(DATA EXCERPT)
■ ■ ■

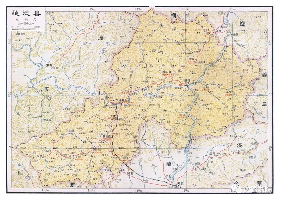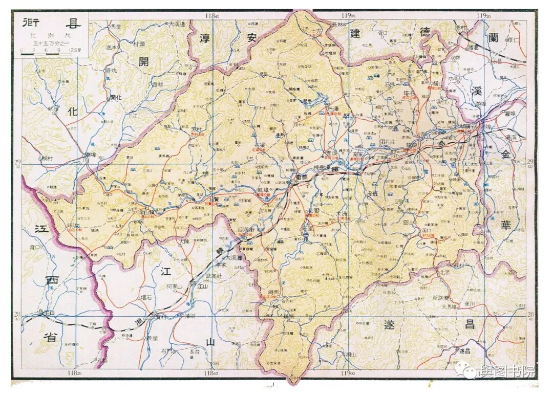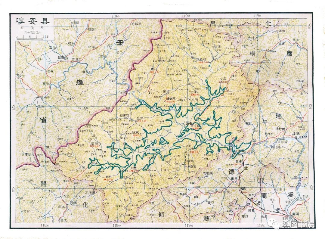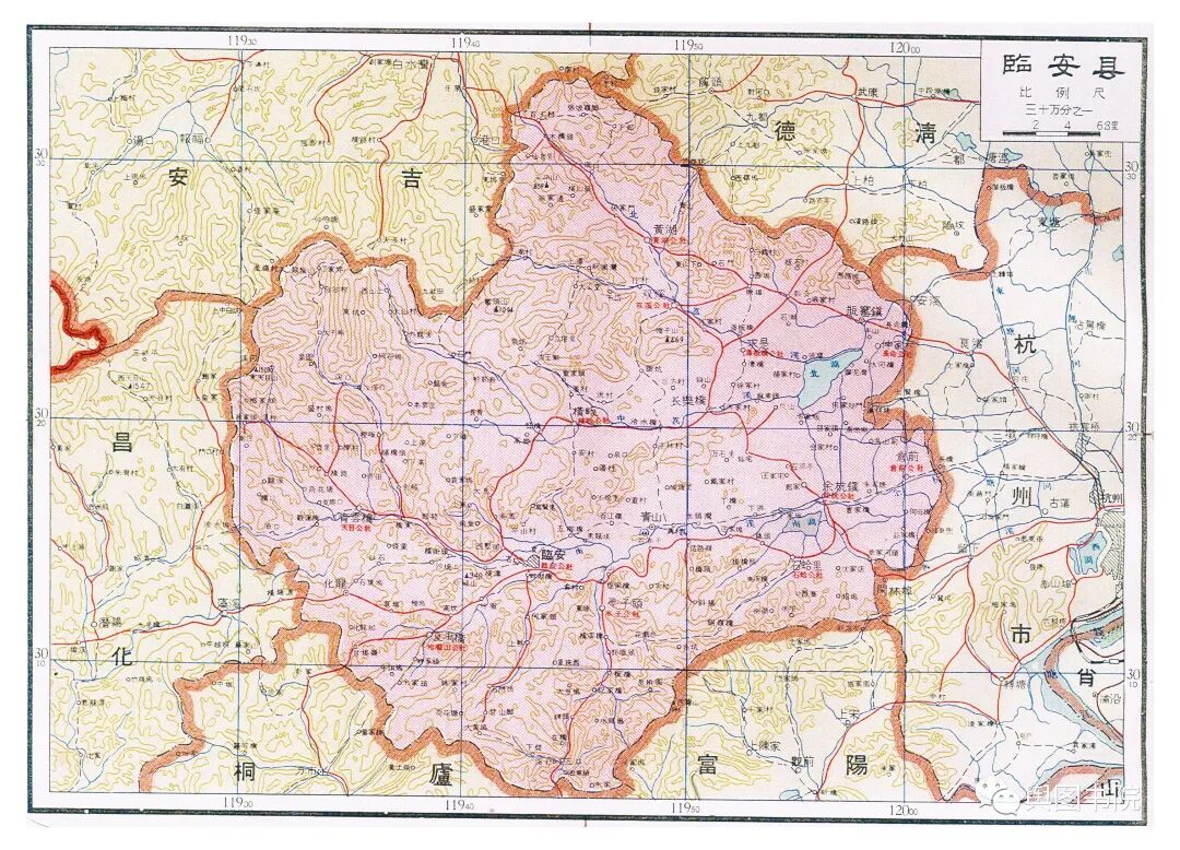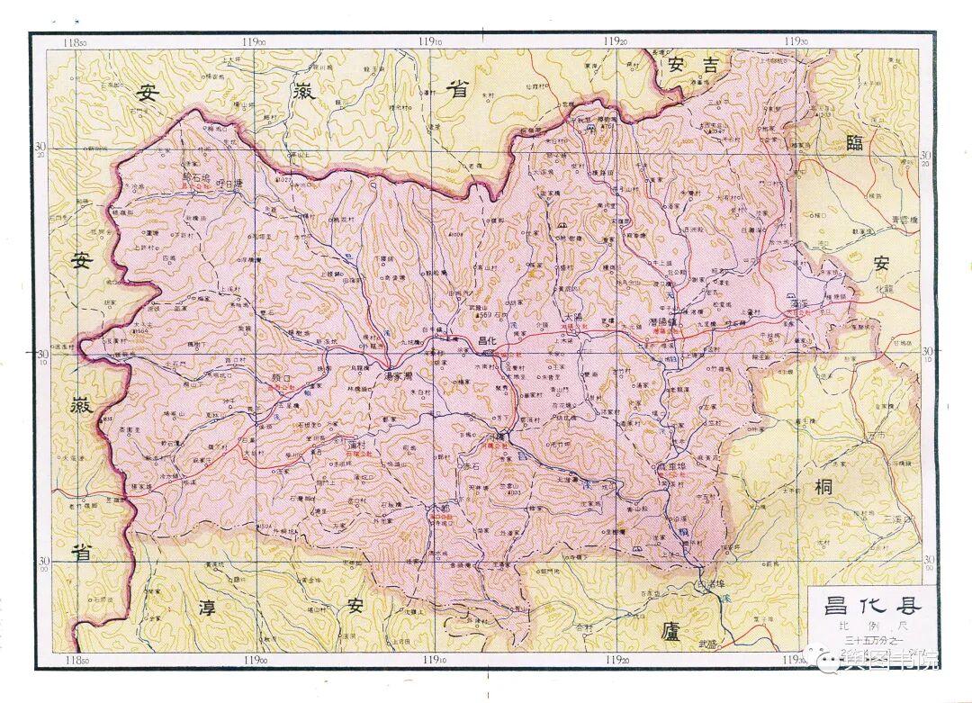 昌化县是一个已经消失的县,这个县很古老,唐朝的时候就有,60年代撤销,并入了临安县。这张地图也是昌化在地图上最后的遗存。
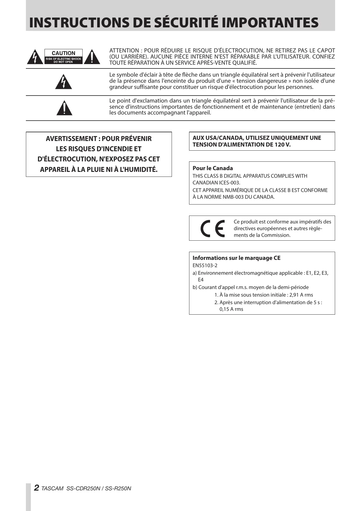 2 TASCAM SS-CDR250N / SS-R250N INSTRUCTIONS DE SÉCURITÉ IMPORTANTES 1. Lisez ces instructions. 2. Conservez ces instructions. 3. Tenez compte de tous les avertissements. 4. Suivez toutes les instructions. 5. N'utilisez pas cet appareil avec de l'eau à proximité. 6. Ne nettoyez l'appareil qu'avec un chiffon sec. 7. Ne bloquez aucune ouverture de ventilation. Installez-le conformément aux instructions du fabricant.
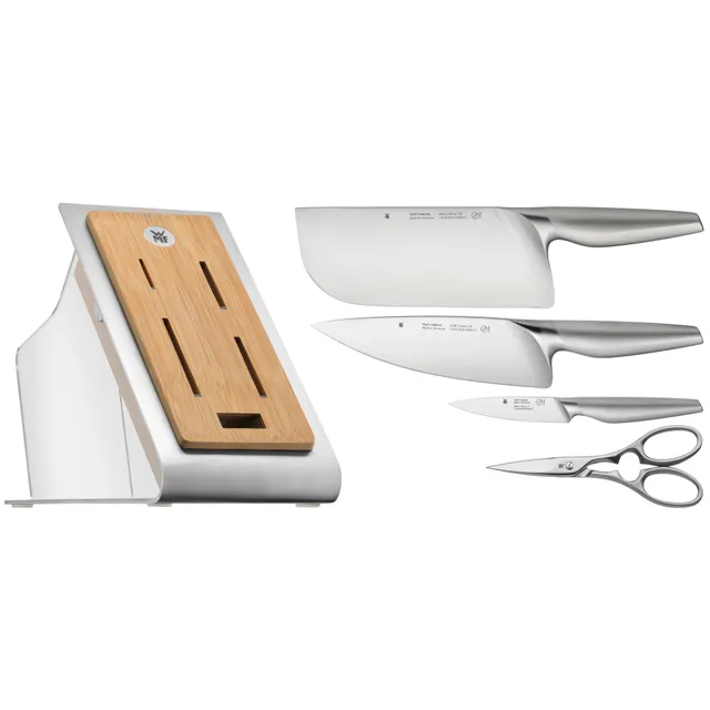 Azijska geometrija rezila: Noži so oblikovani po vzoru tradicionalnih azijskih nožev (vključuje vsestranski nož tipa Santoku in specializirane sekire za zelenjavo/meso).

■ ■ ■

(WHAT TO DO)
In the copy you write, the data above must appear exactly, with no pictures.

(TASK OUTPUT)
 昌化县是一个已经消失的县,这个县很古老,唐朝的时候就有,60年代撤销,并入了临安县。这张地图也是昌化在地图上最后的遗存。
 2 TASCAM SS-CDR250N / SS-R250N INSTRUCTIONS DE SÉCURITÉ IMPORTANTES 1. Lisez ces instructions. 2. Conservez ces instructions. 3. Tenez compte de tous les avertissements. 4. Suivez toutes les instructions. 5. N'utilisez pas cet appareil avec de l'eau à proximité. 6. Ne nettoyez l'appareil qu'avec un chiffon sec. 7. Ne bloquez aucune ouverture de ventilation. Installez-le conformément aux instructions du fabricant.
 Azijska geometrija rezila: Noži so oblikovani po vzoru tradicionalnih azijskih nožev (vključuje vsestranski nož tipa Santoku in specializirane sekire za zelenjavo/meso).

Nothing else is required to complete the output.